I have heard of bebugging, which is when a team inserts bugs inside a supposedly finished program, and then measure how much of these known bugs the test cases find. The simulation of tests for hardware faults works exactly in this way.

I’m a software developer and this exactly my response.

But we tend not to use it because unit testing and functional testing already includes testing for error situations.

(And we have QA for the rest!)

Good. We can show that our programs are correct as long as the specification is correct. Now we just need a specification specification language to prove that the specification is correct. But then we need a specification specification specification to show that our specification specification is correct…

The thing to remember is that automated testing can be more thorough than manual testing. It’s much faster, can consistently test known problem cases and find new problems by providing random input.

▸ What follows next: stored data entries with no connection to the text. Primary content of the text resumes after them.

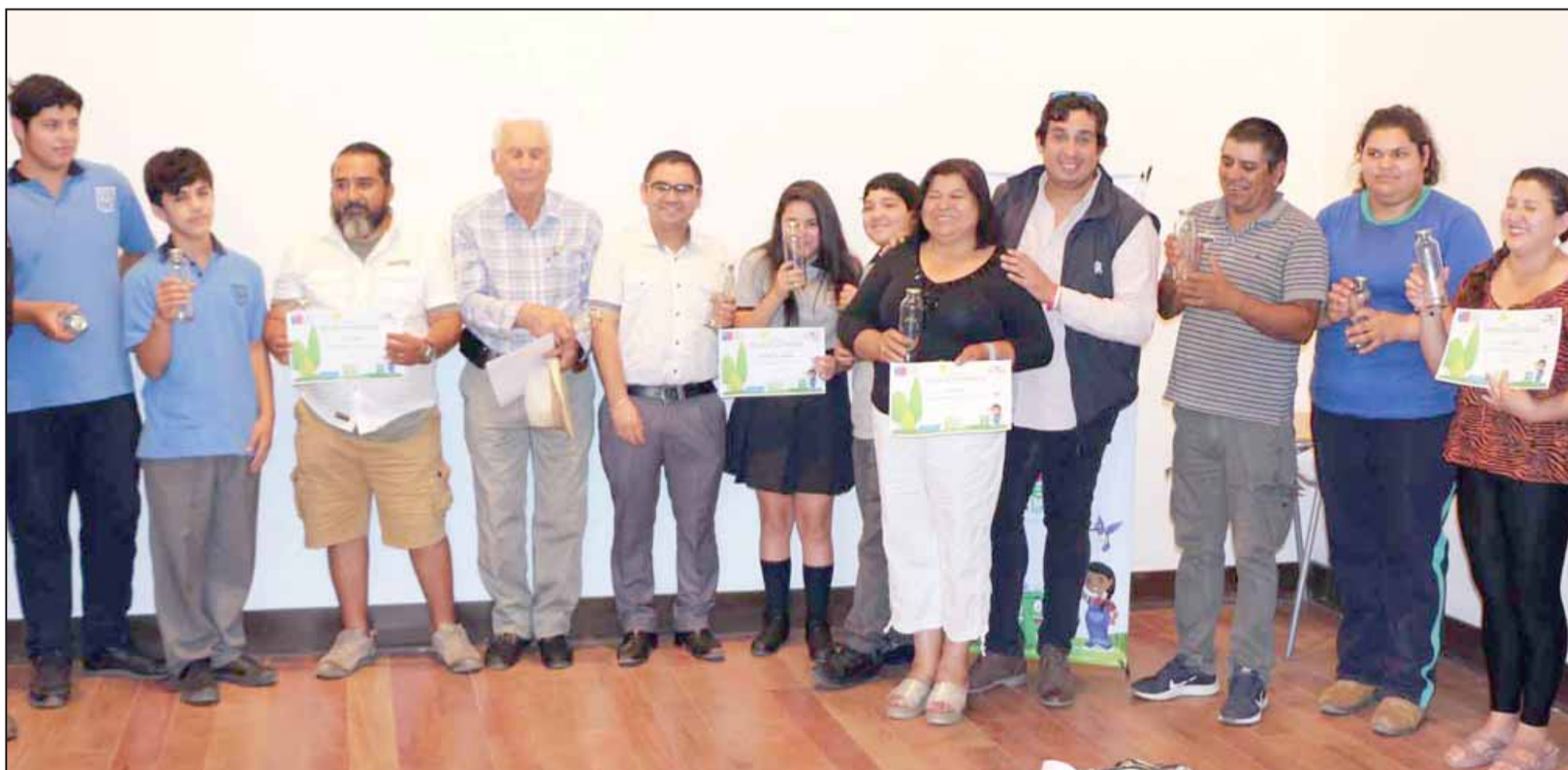
A los 24 talleres dirigidos a escolares se sumaron otros 25 para 56 organizaciones sociales de la comuna.
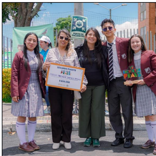
Ilustración 8. Segundo puesto categoría seguridad alimentaria

Segundo puesto: Colegio Parroquial Santiago Apóstol de Funza – Seiscientos cincuenta mil pesos ($650.000)
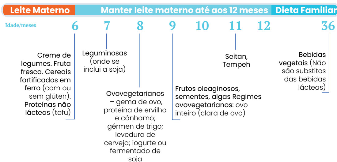
Figura 4. Proposta de diversificação alimentar para um lactente vegetariano (independentemente da existência de história positiva para atopia familiar (DGS 2019))

A partir dos 12 meses deve ser iniciada a dieta familiar, devendo adotar-se alimentos frescos, evitando os mais processados, e as refeições devem ser frequentes, em intervalos máximos de 3 horas, de forma a garantir uma ingestão adequada de energia (3,4,37). A ingestão de gordura não deve ser limitada, pelo que os óleos e os cremes vegetais podem ser incluídos de forma a garantir um aporte correspondente a 35% do valor energético total (29).
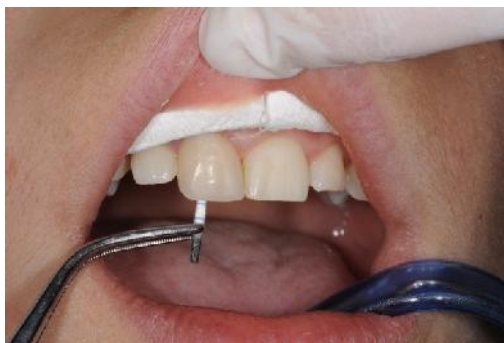
Slika 8. Sušenje korijenskog kanala papirnatim štapićem (paper point).

Inicijalno ispiranje NaOCl se nastavlja s ispiranjem 5 ml fiziološke otopine (0.9% NaCl), kako bi se izbjeglo stvaranje neželjenog naranasto-smeđeg precipitata para-kloranilina (PCA), koji nastaje reakcijom NaOCl i CHX, a time i diskoloracija zuba u smeđu boju. Osim toga, pokazalo se da je precipitat citotoksičan i zatvara ulaze u dentinske tubuluse (3, 22). Završno ispiranje se izvodi s 10 ml 2% CHX. CHX se koristi kao završni irigans, jer ima snažno antibakterijsko djelovanje i supstantivan je. Prilikom irigacije s NaOCl, treba paziti da igla stoji labavo u kanalu i da se irigans aplicira polagano. Igla bi trebala biti u kanalu postavljena 2 mm kraće od apeksnog otvora. Radna duljina se odredi korištenjem RTG snimke (2-3 mm kraće od apeksa) (6). Treba paziti da agensi ostanu isključivo unutar kanala. Korijski kanal se suši korištenjem sterilnih papirnatih štapića (paper points) (3) (Slika 8).
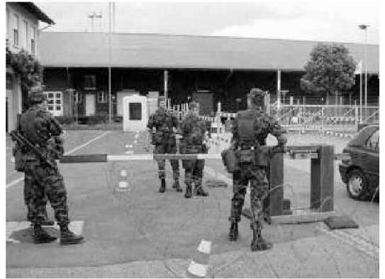
Il capogruppo allena e prepara la sua formazione

L'esercizio. La prova! Questa fase per ogni capo esercitato è un grande momento; il momento! Dopo un auspicabile

It’s specifications all the way down.

I heard a rumor once of a program that was completely bug free.

That’s probably the “hello world” program.

You can, perhaps, be confident in the source code you wrote for “hello world”. But that source code will call some routine like printf(), or something equivalent to it: How confident are you that printf() is completely bug-free? And how confident are you in the compiler you use to compile your “hello world”? Or the compiler that compiled that compiler? Or the opcode built into the processor (or processors) that are running all of those programs? Or, since modern processors are too complex for any human to understand in their entirety, the programs (or compilers or opcodes) used to design those processors?

It’s maybe not quite turtles all the way down, but it’s still a heck of a lot of turtles.

Most versions of hello.c have bugs, if there is a requirement to alert the user to an error if printf() fails, such as by being redirected to an output file on a full-to-capacity disk.

How about a show of hands: Who here has ever checked the return value of printf() for an error or incomplete write condition?

Heck, let’s make it a poll:

  • I am a programmer and I have checked the return value of printf() at least once in my life.
  • I am a programmer and I have never checked the return value of printf().
  • I am not a programmer. What are you nerds talking about?
0 voters

That is a poll for C and C related programmers, not programmers. I think it is failing its error check.